Tat Twam Asi adalah kalimat Sanskerta yang punya pemaknaan etik yaitu kita semua adalah sama. Yayasan Sesama mengadakan pelayanan sosial kesehatannya pertama kali di Desa Pegayaman dan hingga saat ini menjaga hubungan yang sangat baik dengan salah seorang tokoh ulama moderat Haji Sururudin, pengasuh pondok pesantren Al Iman yang juga menampung anak-anak kurang mampu. Kiprah pak haji pernah diangkat dalam satu film dokumenter pada ajang Eagle Awards, Melihat Indonesia: Muslim di Pulau Dewata.
Buleleng, yang secara geografis meliputi wilayah pesisir di utara dan pegunungan di selatan telah memberi pengaruh dalam komposisi sosiokultural masyarakatnya. Ini jauh lebih kaya dan beragam dibandingkan dengan semua kabupaten di pulau Bali. Desa-desa yang berjajar di bahu pegunungan sisi selatan Buleleng meliputi desa Pedawa, Sidatapa, Cempaga dan Tigawasa, diyakini merupakan desa-desa yang telah ada sebelum kedatangan orang-orang dari pelarian kerajaan Majapahit.
Ada beberapa istilah yang dilekatkan pada mereka seperti masyarakat Bali Aga atau Bali Mula yang hingga sekarang masih sering menjadi perdebatan terutama pada aspek bukti-bukti dan dokumentasi sejarah. Namun demikian, adanya perbedaan tradisi yang mereka warisi dengan desa-desa lain di Buleleng adalah fakta-fakta yang tak dapat dibantah jika memang telah ada keragaman dalam evolusi budaya masyarakat Buleleng.

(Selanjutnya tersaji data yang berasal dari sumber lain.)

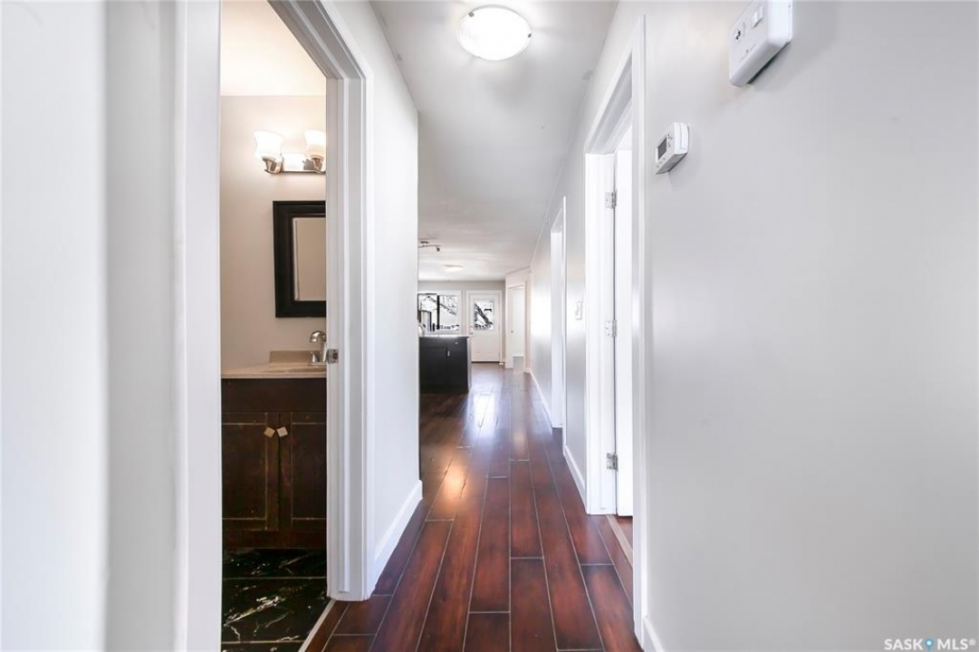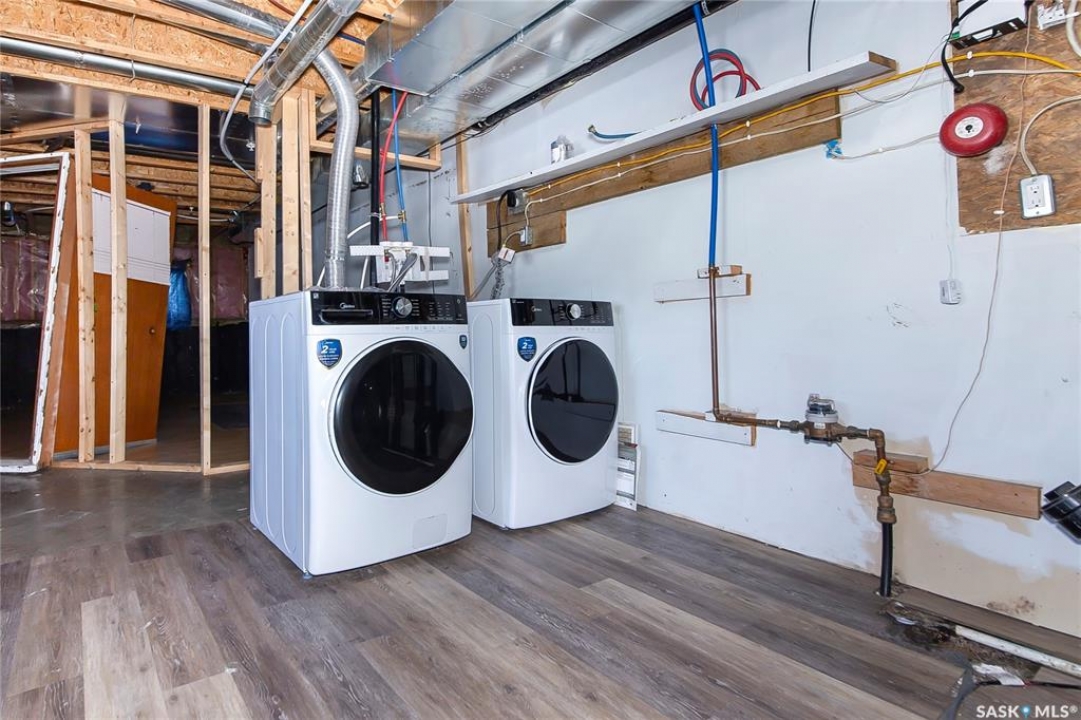 Excellent opportunity for first-time buyers, families, or investors seeking affordable living! Located in the welcoming town of Asquith, approximately 35 minutes west of Saskatoon along Highway 14, this corner-unit bilevel style semi-detached home offers comfortable and affordable living in a great commuter community. The main floor features 3 bedrooms, including a primary bedroom with a private 3-piece ensuite. The living room, kitchen, and dining area are finished with laminate flooring, while the main 4-piece bathroom features tile flooring. Garden doors off the dining area lead to a rear deck, perfect for relaxing or entertaining. The basement level includes the laundry area, with the remainder of the space open for future development, offering plenty of potential to customize. Enjoy the added privacy and extra natural light of a corner unit, along with the charm of small-town living just a short commute from Saskatoon.
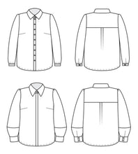 Reclaim the button-up with the Vernon Shirt! This boob-friendly take on the essential button-up shirt features two views: View A is a classic shirt with a traditional collar and collar stand, and full sleeves with narrow cuffs. View B is a fashion-forward version with a dramatic collar, covered button placket, and lantern sleeves with wide cuffs.
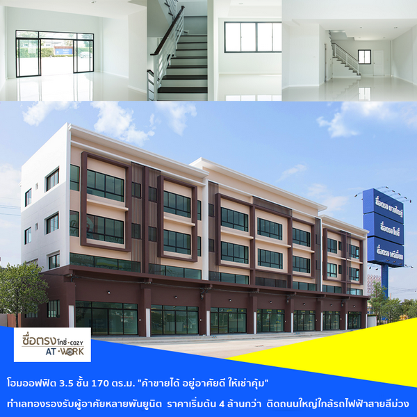ซื่อตรง โคซี่ AT WORK บางบัวทอง 340 พิเศษโฮมออฟฟิตพร้อมอยู่วันนี้ รับส่วนลดกว่า 300,000 บาท* จองภายใน 30 ธ.ค. 60
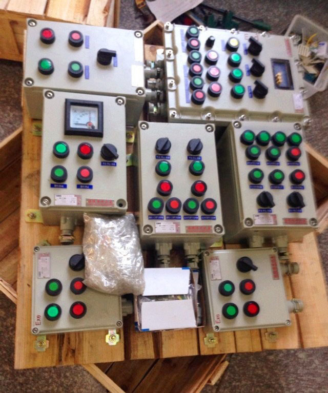 二、防爆控制箱。此類(lèi)防爆控制箱型號(hào)為BXK52系列,其中X是箱體的簡(jiǎn)稱(chēng),K為控制的縮寫(xiě)。防爆控制箱主要用于控制各類(lèi)電機(jī)或者輔助電器,主要由防爆按鈕和防爆指示燈組成。防爆控制箱箱體材料一般分為三種,即鋁合金、鋼板焊接和不銹鋼焊接。防爆控制箱箱體除安裝上述按鈕和指示燈外,還可以根據(jù)客戶(hù)要求安裝轉(zhuǎn)換開(kāi)關(guān)、電流表、電壓表以及制定的各類(lèi)儀表。
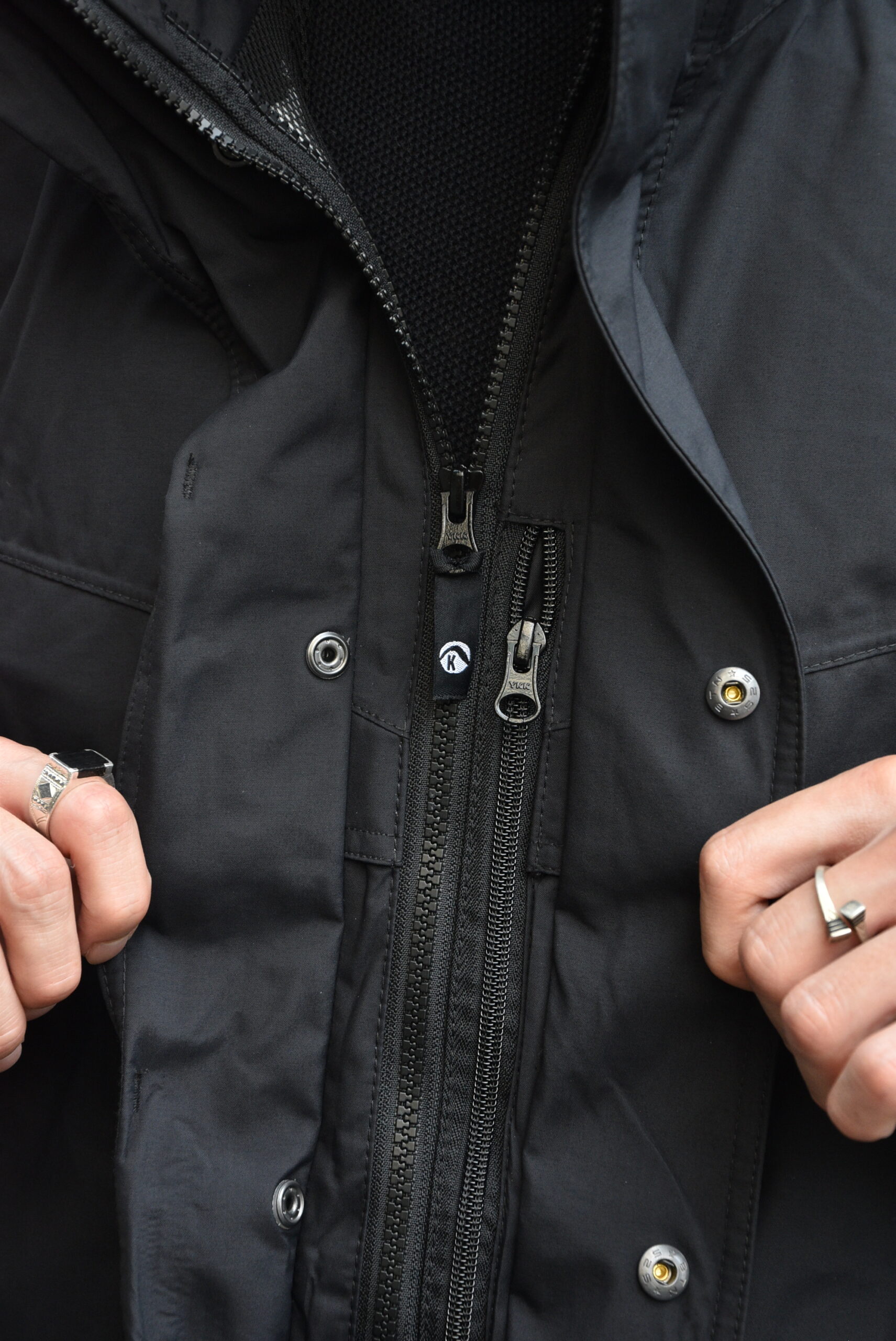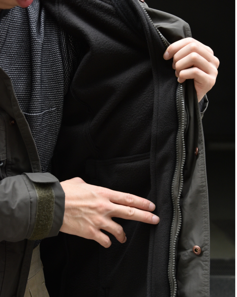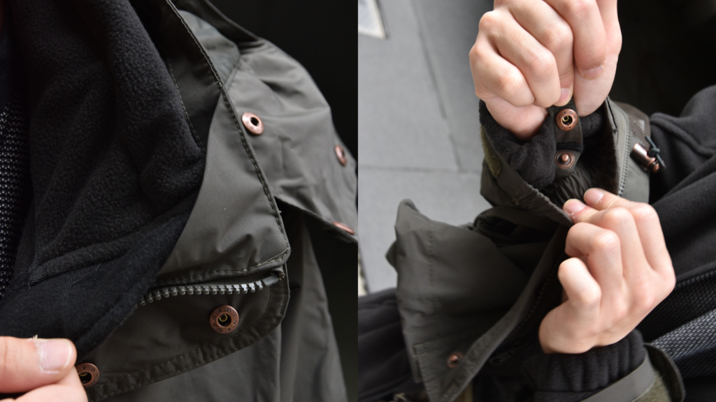 フロントは比翼仕立てのジップ+スナップボタン。ハンドウォーマーポケットを含む4ポケット構成。
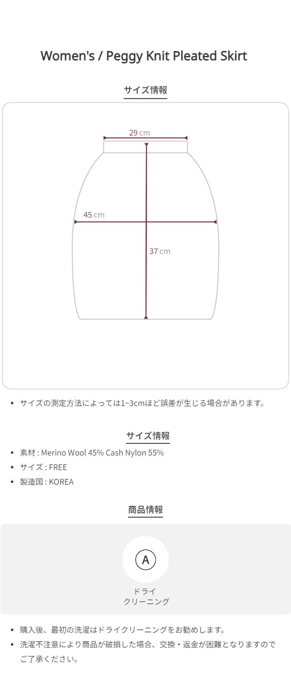 ペギーニットプリーツスカート、クラシックでガーリーなムード 高品質なメリノウールとキャッシュナイロンのブレンドで作られ、快適でありながら柔らかいフィット感を持ち、適度な厚みでラグジュアリーな印象を演出します。ニットの独特なテクスチャーの温かみと、プリーツが作り出す明るいシルエットが調和し、クラシックで官能的なムードを作り出しています。フレッシュなミニ丈は脚のラインを細く長く見せ、ウエストはバンドディテールで着心地よく感じられます。季節のトップスと合わせてモダンなスタイルを施します。メリノウール45%キャッシュナイロン55%プリーツデザイン ミニレングスウエストバンド
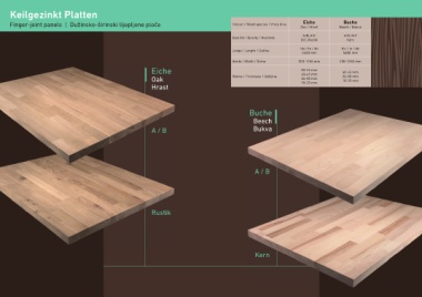 Finger-joint panels | Dužinsko-širinski lijepljene ploče Holzart / Wood species / Vrsta drva Oak / Hrast Beech / Bukva
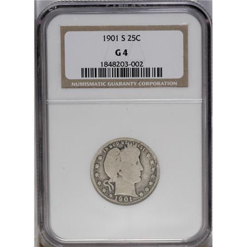 1901-S 25C Good 4 NGC. A clean, problem-free example o
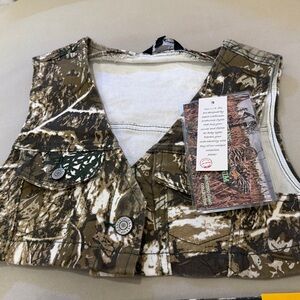 Stylish camo vest and pants set. Perfect for outdoor adventures. Brand new with tags size S

Berbagai perbedaan tradisi bisa diambil beberapa contoh yang berlaku di Desa Pedawa. Misalnya prosesi pemakaman jenazah yang tidak dipikul melainkan di-gayot atau jenazah sejajar pinggang orang-orang yang membawanya ke pemakaman. Masih soal pemakaman jenazah, di Pedawa begitu seseorang meninggal akan langsung dikubur tanpa menunggu hari tertentu (dewasa) seperti di daerah-daerah lain dan jenazah tidak dimasukkan ke dalam peti namun dibungkus dengan tikar. Begitu pula saat perayaan hari raya Nyepi di Desa Pedawa tidak didahului dengan tradisi melasti seperti di daerah-daerah lain. Tentu butuh pengupasan lebih dalam fenomena ini jika kita ingin memahami esensinya.
Di bagian pesisir Buleleng, wilayah-wilayah yang dekat dengan pusat kota Singaraja, kita pun menjumpai keragaman, terutama dalam hal bahasa. Hal jamak anak-anak muda dan orang dewasa menggunakan bahasa Tionghoa untuk menyebut nilai-nilai uang macam gopek untuk lima ratus rupiah atau gocing untuk lima ribu rupiah.
Entah kenapa, kita merasa nyaman dan asik jika berbicara dengan istilah-istilah Tionghoa ini meski tidak sedang dengan bicara dengan sahabat-sahabat Tionghoa. Seakan-akan punya mereka adalah punya kita jua. Begitu pula, warga keturunan Arab yang biasa memakai istilah ana untuk aku dan ente untuk kamu seakan-akan sudah menjadi bahasa ibu anak-anak Singaraja.
Fenomena ini pastilah tak ditemukan di wilayah-wilayah lain di Bali. Itulah kenapa, saat saya kuliah di Denpasar sering menggunakan kata ente itu didengar aneh oleh teman-teman yang berasal dari Bali selatan dan akhirnya mereka menamai saya dengan si Ente sampai saat ini, hahaha! [T]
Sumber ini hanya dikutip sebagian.